Our Reading Lives

Coming To Terms With Reading Less

Carina Pereira

Staff Writer

Carina Pereira, born in ‘87, in Portugal. Moved to Belgium in 2011, and to Rotterdam, The Netherlands, in 2019. Avid reader, changing interests as the mods strikes. Whiles away the time by improvising stand-up routines she’ll never get to perform. Books are a life-long affair, audiobooks a life-changing discovery of adulthood. Selling books by day, writer by night. Contact

Since 2016 I’ve been challenging myself to read more, propelled by the well-known Goodreads challenge. I honestly don’t think I could go back to a life in which I don’t take note of every single book I read, because it is so fun to look back at it and consider which books I’m picking up, as well as what are my favourites and least favourites.

For a couple of years now, my yearly reading goal has been fixed on 50 books. I know that this is a high goal for some, and a very small one for others, but it is the number I feel comfortable with.

Between digital, audio, and print, if I read 50 books a year I’m more than happy, and since I usually read more than that, I know I don’t have to stress about the challenge. In fact, I have written about my experience reading 100 books in a year, and how I concluded that just wasn’t for me.

A couple of months ago, in a chain of events I can no longer recall with precision, my boyfriend lent me his game console and put in my hands Unpacking.

Unpacking is a video game where you do exactly what the title says: through unpacking boxes, you get to discover a person’s life across the years, including their first childhood room, the first room they move to outside of their parents’ house, and so on. Each time they move, you move with them. The items you need to unpack tell a story: new experiences, love found, heartbreak, moving on.

I love organising things, and the game is fun because it is story based, but all you really have to do is to find a space for that person’s things in the room you are given, so it ends up being a very relaxing experience. The only downside of the game is that it ends too soon but, to be honest, there could have been a thousand boxes to unpack and several stories to follow, and I’d still be wanting more.

After I was done with Unpacking, and because I loved it so much, I found myself looking for the same rush I felt while playing it, which led to eventually buying my own game console.

Of course, after a couple of months of discovering new games, I realised that my reading was being affected by this new hobby. I was having fun, I was finding games that relayed very heavily on storytelling and, unlike what happens when I read in the evening, the games did not make me sleepy, so I was playing them in the same fraction of time I would previously allot to reading.

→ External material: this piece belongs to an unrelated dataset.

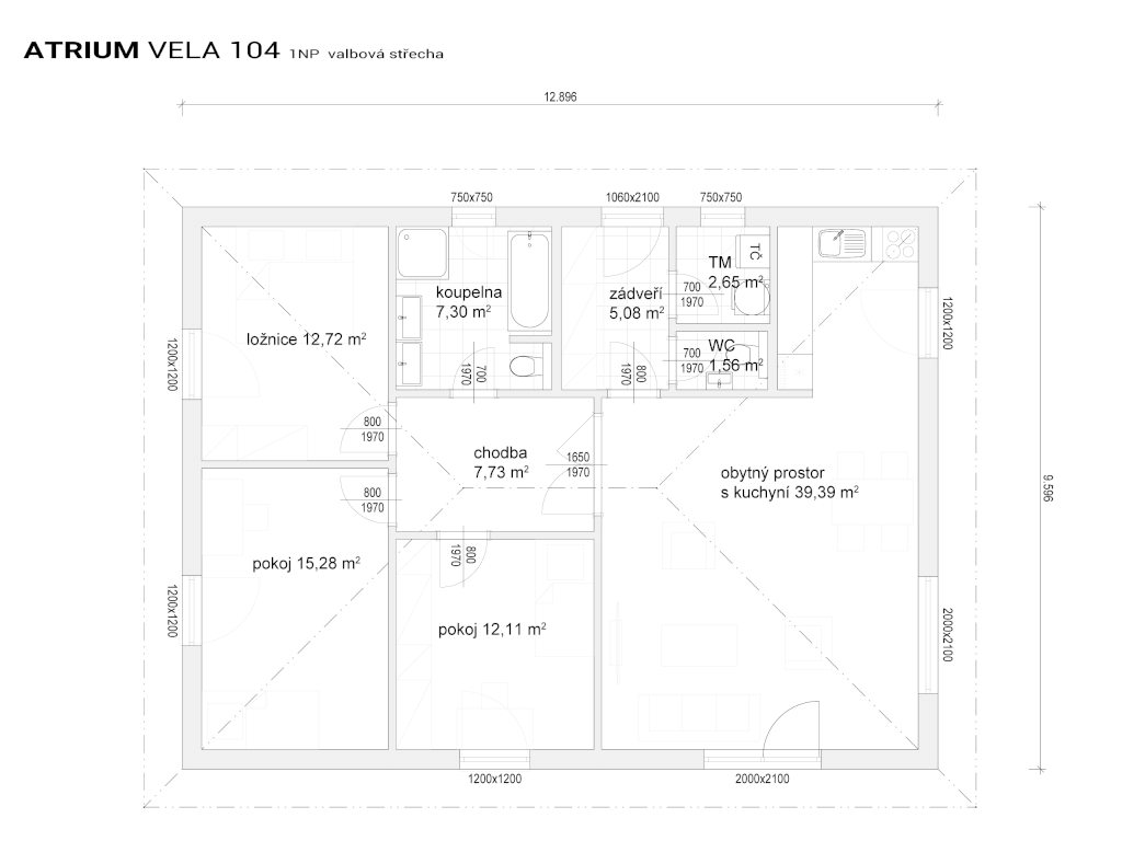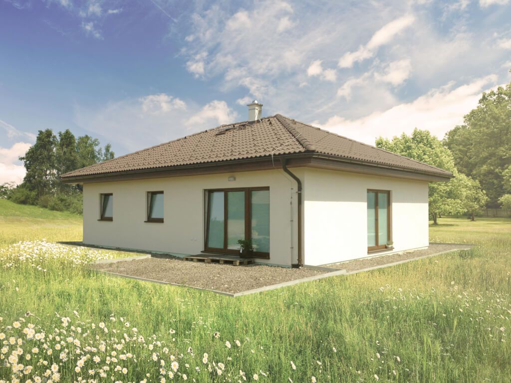 Hledáte malý přízemní dům s obdélníkovým půdorysem pro čtyřčlennou rodinu? Pak jste ho právě našli, Vela 104 je ta pravá! Do půdorysného řešení se vešel velký obývací pokoj s kuchyní, tři prostorné pokoje a koupelna. Velká prosklená francouzská okna pouštějí do interiéru velké množství světla. Francouzským oknem projdete na příjemnou terasu orientovanou do zahrady. Dům můžeme upravit jako bezbariérový. Probarvení fasády nebo malý dřevěný obklad u oken dům ještě více oživí.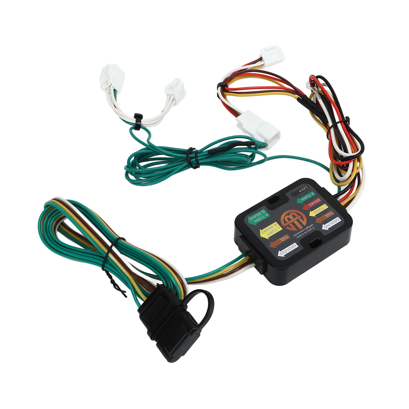 Item Type: Trailer Wiring HarnessMaterial: ABS and wiring harnessPart Number: 56434Product Description: If your vehicle is not equipped with wiring for towing trailers, this wiring harness is the ideal solution. The custom wiring harness (also known as a T connector) is a simple plug and play electrical device that plugs into the vehicle's electrical system and provides a standard universal trailer wiring connection. This is accomplished by plugging into the taillight assembly using two or more vehicle specific OEM compatible connectors, eliminating the need for cutting, splicing and soldering during installation. The custom wiring harnesses are vehicle specific and while they do not apply to all vehicles, they do provide one of the fastest, easiest and safest methods for towing vehicles. This special plug-in harness provides a 4 way flat connector socket and is designed to customize the harness to fit certain years fit for RAV4 (to verify your vehicle's compatibility, see application information). It comes with all the necessary wiring components to create a reliable trailer wiring connection, as well as a dust cover to keep the connector clean when not in use. You have a picture in your mind of your next destination, maybe a boat landing at your favorite fishing spot, maybe a campground overlooking one of nature's masterpieces, maybe the next big construction site. However, turning that dream into reality takes more than just daydreaming. It requires solid connections and the right amount of power. The wiring harness uses the industry's most advanced technology for easy installation, providing a durable electrical connection for your tow hookup setup.Application:Fit for RAV4 2019‑2020

I took a minute to consider all my other hobbies: embroidery, sewing, paper-making. Every single hobby I have had has allowed me to keep reading. I have picked up hobbies before based on how easy it is to listen to audiobooks while I do them. But as I became invested in video games and my reading started to suffer, I wondered why I was suddenly feeling guilty, but also why playing games seemed to come so easy to me while reading was sometimes becoming something that I had to almost force myself to do. 

Book Riot editor Danika has written about this experience before, and from what I see on Bookstagram, I know that reading, while being something most readers truly enjoy (that’s why most of us consider ourselves readers, after all) isn’t something that always comes easily. 

When I started wondering if I should set a time for reading and a time for playing, I questioned why I was being strict on how to fill up my free time. After all, it is my free time, and I don’t want to fill it in with house chores or tasks. It’s time I take to enjoy stuff and have fun. It is as valid to spend it immersed in a book, as it is to relax while playing a game.

And yet, this way of looking at things does not come easy. There is a sort of snobbism and elitism associated with reading, which can lead to believing reading is the master hobby. Because reading definitely helps us develop in several ways (our writing and reading skills, imagination, but also emotionally), there is this tendency to see books as the be-all-end-all, more important than other forms of entertainment, more worthy of our time. But if I’m looking for a way to relax at the end of a long day of work, why should I choose something that may require more brainpower over something that may actually allow me to be in a no-thinking-just-vibes bubble for a minute?

When you are actively keeping track of how much you read, sometimes it can feel like a failure to see your reading numbers decrease. Especially when you keep a social presence among bookish circles, and you realise you don’t have as much content to share.

But this is a reminder that reading for fun is supposed to be fun. And stay fun. In the same way that there is no shame in devouring books, if that’s what rocks your boat, there is no shame or failure in sharing the time you usually save for reading with new hobbies.

Indeed, maybe it is a challenge: do you dare come to terms with reading less? Maybe it will surprise you in how you experience and enjoy reading when it is something you just feel like doing, rather than something you may feel you need to do for whatever reason — like fulfilling a challenge or reaching a goal. 

Playing Unpacking has taught me a couple of things: that change can be good and change is inevitable. Life is a constant process of learning.

Just like I unpacked each item in the game and took my time to find a perfect place for it, I have learned to unpack my own prejudices, my relationship with books, reading, and how I decide to spend my free time (whether that is with a book in my hands, my console, or anything else): appreciating each moment for what it is.